Reflexes rolled me out of the tank’s path. Judging from the impact when it crashed to the floor behind me, it must have weighed a couple hundred pounds, but that hadn’t stopped the creature from throwing it like a smashball.
They were strong.
Carlisle stepped to meet the one charging us. It threw a wild, clawed slash that probably would’ve killed him, but he pivoted in perfect control, slammed the creature to the ground on its own momentum, and pinned it by the arm while he liberally applied his stun baton to its neck.
After several seconds of growling and spasmodic convulsing, the creature lay still.
The one who’d thrown the tank roared an awful challenge, preparing to charge Carlisle. I gunned it down before it got the chance.
Several more chambers were popping open around the room now, their ghastly inhabitants stumbling out, shaking off their disorientation. Focusing on us.
“The lift,” Carlisle sent. “I’ll get the doors. Let’s move.”
I wasn’t going to argue. Especially not when the first creature I’d shot stirred and began pulling itself back to its feet, and the others shortly followed its lead.
Definitely time to go.
We ran for the mag lifts, Carlisle falling in on my flank as we reached the stairs. At the top, I spun to fire on our pursuers and cover Carlisle, but he was already there. I backpedaled toward the lift with him, firing off a few choice rounds, and nearly fell over backward when one of the creatures crashed to the platform almost on top of me from the catwalk above.
The swipe it took at my head, I ducked more out of luck than anything. Then my brain caught up, and I drove a high kick straight into the thing’s face.
It was like kicking a hardwood statue. The reaction force sent me staggering backward for balance, but at least the creature stumbled back too. I prayed for it to hit the railing and flip over to the floor below. Instead, it caught its balance and shook my chest with a furious roar.

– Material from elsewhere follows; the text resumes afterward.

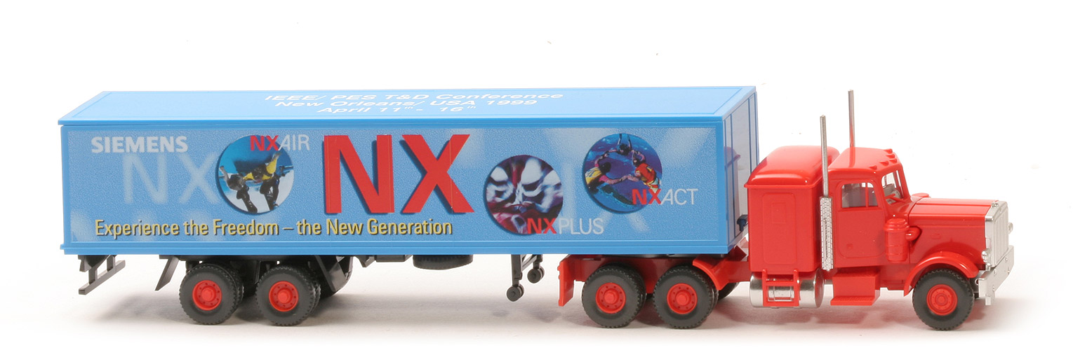 | Zugmaschine | Kabine | orangerot, mit Scheibenwischern | Dach | mit 5 Positionsleuchten | Haube/vordere Kotflügel | helles orangerot, kippbar, Blinker auf Kotflügel | Seitenaggregate | helles orangerot | Grill, Scheinwerfer, Stoßst. | helles orangerot, mit Kennzeichen | Schlafkabine | helles orangerot | hier Dach | helles orangerot | Auspuffrohre, Tanks | verchromt | Chassis, Motor, Kotflügel, ... | helles orangerot | Kardanplatte | helles orangerot | hier Bodenprägung | neues WIKING-Logo, Germany | Sattelpfanne | silbern, für großen Königsbolzen | Bedruckung | ohne | Reserverad | ohne | | Auflieger | Typ | Koffer, Chassis gesteckt | Farbe | ca. himmelblau | Türen | ca. himmelblau | Bedruckung Seiten | "Siemens, NX, ..." | weitere Beschriftung | Dachfolie "... New Orleans/ USA 1999, ..." | Chassis | schwarz, mit Unterfahrschutz | Chassis Bodenprägung | WIKING, Berlin-W | DAA Typ | Klipsachsen, Kotflügel eckig | DAA Farbe | schwarz | Reserverad | unter Chassis gesteckt | Stütze | Rollen, schwarz | | Räder | Typ | 12 mm, 2-teilig, Felgen eingesetzt | Felgen | 8-Loch, helles orangerot |

I raised my gun as the creature lunged. Before I could fire, though, the creature halted in midair, caught by some invisible force, and was flung off the catwalk to the ground floor below with a strangled screech.
“Move, Hal,” came Carlisle’s voice.
I turned to cover the last stretch to the mag lift at a sprint, thanking Alpha that Carlisle had already pried the doors open. They closed as soon as I was through, and it was only then I saw that we were standing not in the lift car we’d rode down in, but the dark, empty shaft. I toggled my torch on and saw that the lift cars were all waiting several stops above now, probably at ground floor.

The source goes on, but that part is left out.